In absence of a portable, low-cost positioning system like GPS for outdoor localization, indoor positioning system (IPS) has been a long-lasting and attractive research topic. Infrastructure-based indoor positioning systems which make use of pre-installed infrastructures such as RFID [1], configured fluorescent lights [2] or Wi-Fi access points [3]

have achieved impressive performance in real scene. The infrastructure-free IPS, on the contrary, superior and challenging by itself, attracts a lot of attention nowadays. Resorting to image retrieval techniques,

[4] [5] [6] proposed vision-based IPS which can tell a user’s position using photos taken by smart-phones. However, all of these methods require an off-line database building process which is time-consuming and costly.

Recent advances on robotics and computer vision throw light on IPS. Simultaneous Localization and Mapping (SLAM) techniques and Visual Odometry (VO) which can accurately estimate motion make these methods promising for IPS.

[7] proposed a monocular SLAM system which uses bag-of-words for place recognition [8]. [9] proposed an accurate monocular VO algorithm which can run at 55 FPS on an ARM platform. [10] proposed a real-time indoor and outdoor localization system with visual lidar odometry and mapping [11] and ranked highest on Microsoft Indoor Localization Competition in 2016 [12]. However, running SLAM or VO in practice means users have to record videos by cameras or laser transceivers.

To address this issue, Wang et al. [13] proposed an approach which relies on text recognition [14] [15]

for shop candidate classification. Specifically, shops in an image are classified by text recognition and serve as landmarks for coarse-level localization (i.e., localization by shop classification). This approach is extendable and flexible, since it does not require large amount of pre-captured data about the indoor scenes except a pre-labelled floor plan.

Inspired by the idea of localization by shop classification, we propose a flexible and robust indoor shopping mall navigation system. Three major contributions are made in this paper. Firstly, we propose a novel style feature and fuse this feature with text feature for robust classification. We prove by experiment that our fusion framework, the FusionNet, outperforms [13]. Moreover, we build a storefront image dataset and plan to make it publicly available.
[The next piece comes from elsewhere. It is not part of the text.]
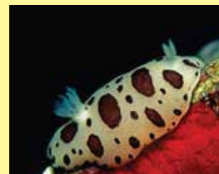
6-6/ג חלזון ים מנוקד

Secondly, we introduce a shopping instruction parsing method which can automatically build topological map from photos taken by smart-phones. Thirdly, with robust shop recognition and automatic topological map construction, we put forward a flexible indoor navigation system which successfully works in real scenes. The architecture of our system is shown in Fig. 1.

Figure 1: System Architecture. Style features and text features are extracted from storefront images and fused for shop classification. Images of shopping instructions are parsed and a topological map of the shopping mall is constructed. Localization and navigation is performed based on the classification result and the topological map.

2 Localization by Classification

Localization by classification is the most common way that shoppers adopt when they get lost in a shopping mall. Recognizing a shop and matching it with a map can produce an instant estimation of location. In this section, we introduce our feature fusion method for shop classification.

2.1 Data Collection

We collected storefront images, from Adidas to Zippo, of 56 different classes of shop from the Internet. The collected images include varieties of style, decoration, and tone of color. For most classes, up to 88 images were collected, and for some rarely seen shop brands, there were still at least 20 images available. We collected a total of 2,876 images, with 51 images collected for each brand on average. Within each class, images were divided into training set and test set, with a ratio of 4:1. Interested readers are referred to the supplemental material for a detailed description of the dataset.

2.2 Style Features for Classification

Many famous brands decorate their shops in a particular way so that customers can easily recognize and remember their storefronts. For example, Adidas stores usually have a black background decorated by unique black-white stripes, while the common decoration for Gucci shops is a golden color with a grid-patterned window. These visual patterns are distinctive for different brands, and are usually stable among shopping malls.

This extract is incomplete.